[DIRECTIONS]:
What is needed is an exact transcription of the line containing "此外,昨天還有一份來自南京水" and every line after it through the end of the entries below, with no pictures.

##########

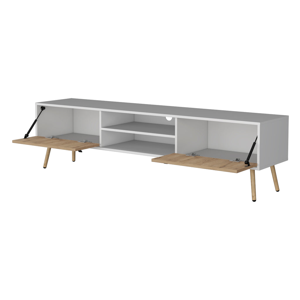 'In a chic white/macadamia manufactured wood finish, the Kimball TV Rack offers a stylish solution for your media needs. It features 2 hinged drawers (22.4''W x 9.8''H) for storage and 2 open shelves for consoles, all within a compact shelf (70.9''W x 15.3''D). Its design includes cable management and stands on sturdy wooden legs, blending functionality with modern aesthetics. Dimensions: Height: 18,8'' Width: 70,9” Depth: 15,3‘ Furniture Type: Ready to assemble (full assembly required). Certifications: CARB phase II compliant – TSCA Title VI Compliant.
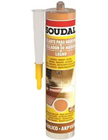 SILICONE ACRILICO SOUDAL LEGNO NOCE è un sigillante acrilico ideale per sigillare o stuccare legno all'interno. Perfetto per crepe, fessure o fori su travi a vista, parquet, cassonetti e altri elementi in legno.
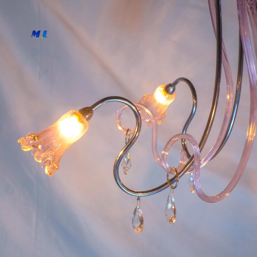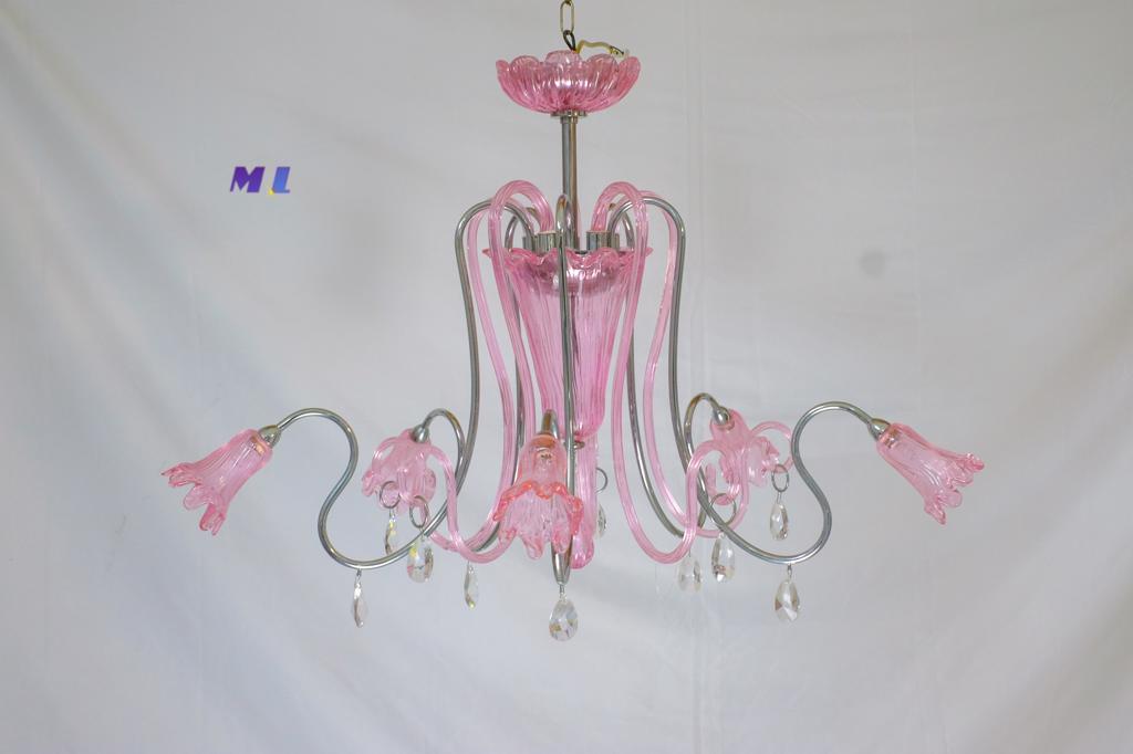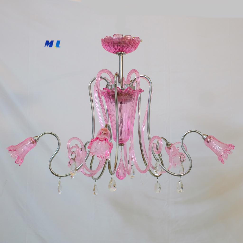 Elegante lampadario di Murano dalle linee naturali in colore ROSA acceso
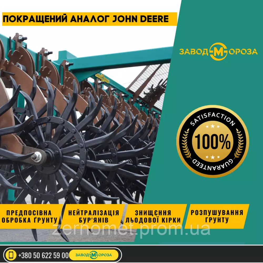 - Знищення бур'янів на стадії ниткоподібних сходів. (ККД до 100% при швидкості руху 15-20 км на годину). Борона має навісний спосіб агрегатування і використовується з тракторами класу 2.
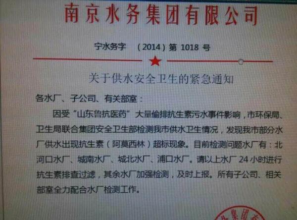此外,昨天還有一份來自南京水務集團的《關于供水安全衛生的緊急通知》的“紅頭文件”在網上流傳,這份文件中寫到:經檢測,發現我市部分水廠供水出現抗生素(阿莫西林)超標現象。隨后,南京水務集團緊急辟謠:經核實,該文件為造假,并已依法報案。
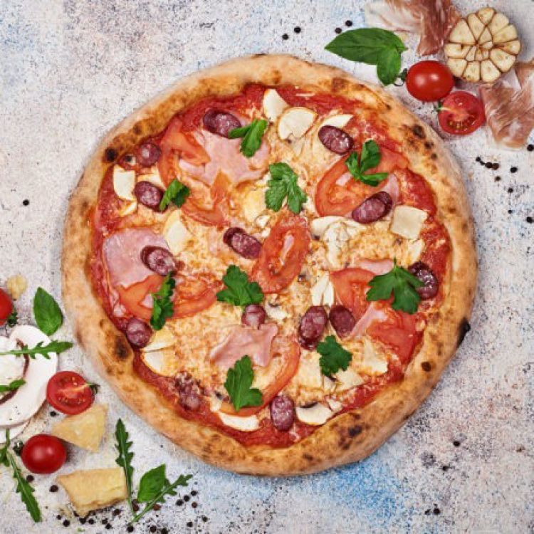 Піца Баварська 40см «Celentano»Соус з італійських томатів “Mutti”, мисливські ковбаски, шинка, печериці, помідори та моцарела 870г ±3-5%цена : 395 грн доставка по Измаилу: 120 грн
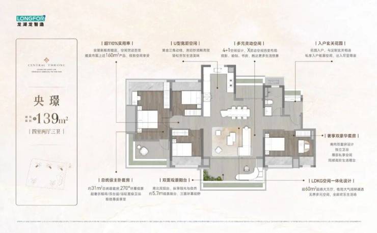 139㎡四房两厅三卫:双主卧套间设计,8.4米阳台可容纳6人聚餐,设备平台改造后收纳力提升3倍,总价490-550万元。
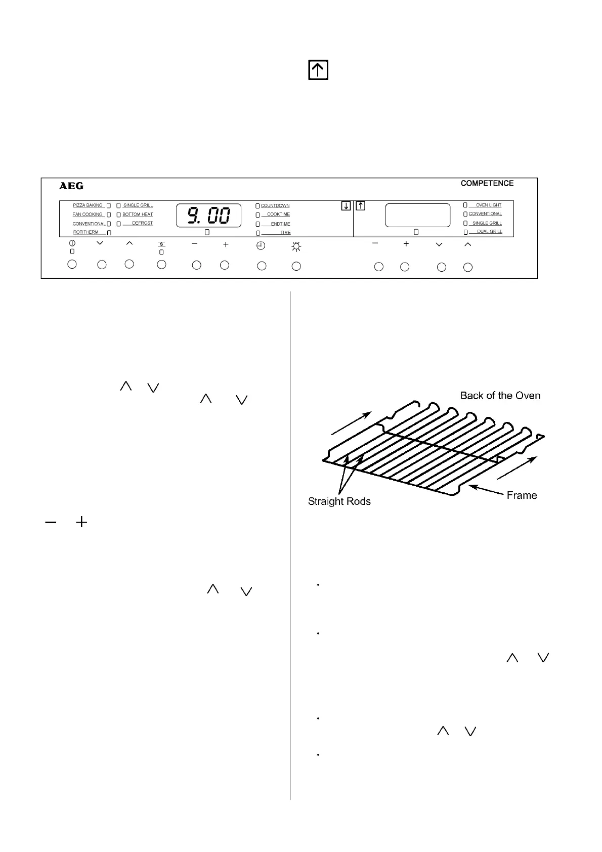 oven function. Each time button or is

##########

[RESULT FOR THIS EXERCISE]:
此外,昨天還有一份來自南京水務集團的《關于供水安全衛生的緊急通知》的“紅頭文件”在網上流傳,這份文件中寫到:經檢測,發現我市部分水廠供水出現抗生素(阿莫西林)超標現象。隨后,南京水務集團緊急辟謠:經核實,該文件為造假,并已依法報案。
 Піца Баварська 40см «Celentano»Соус з італійських томатів “Mutti”, мисливські ковбаски, шинка, печериці, помідори та моцарела 870г ±3-5%цена : 395 грн доставка по Измаилу: 120 грн
 139㎡四房两厅三卫:双主卧套间设计,8.4米阳台可容纳6人聚餐,设备平台改造后收纳力提升3倍,总价490-550万元。
 oven function. Each time button or is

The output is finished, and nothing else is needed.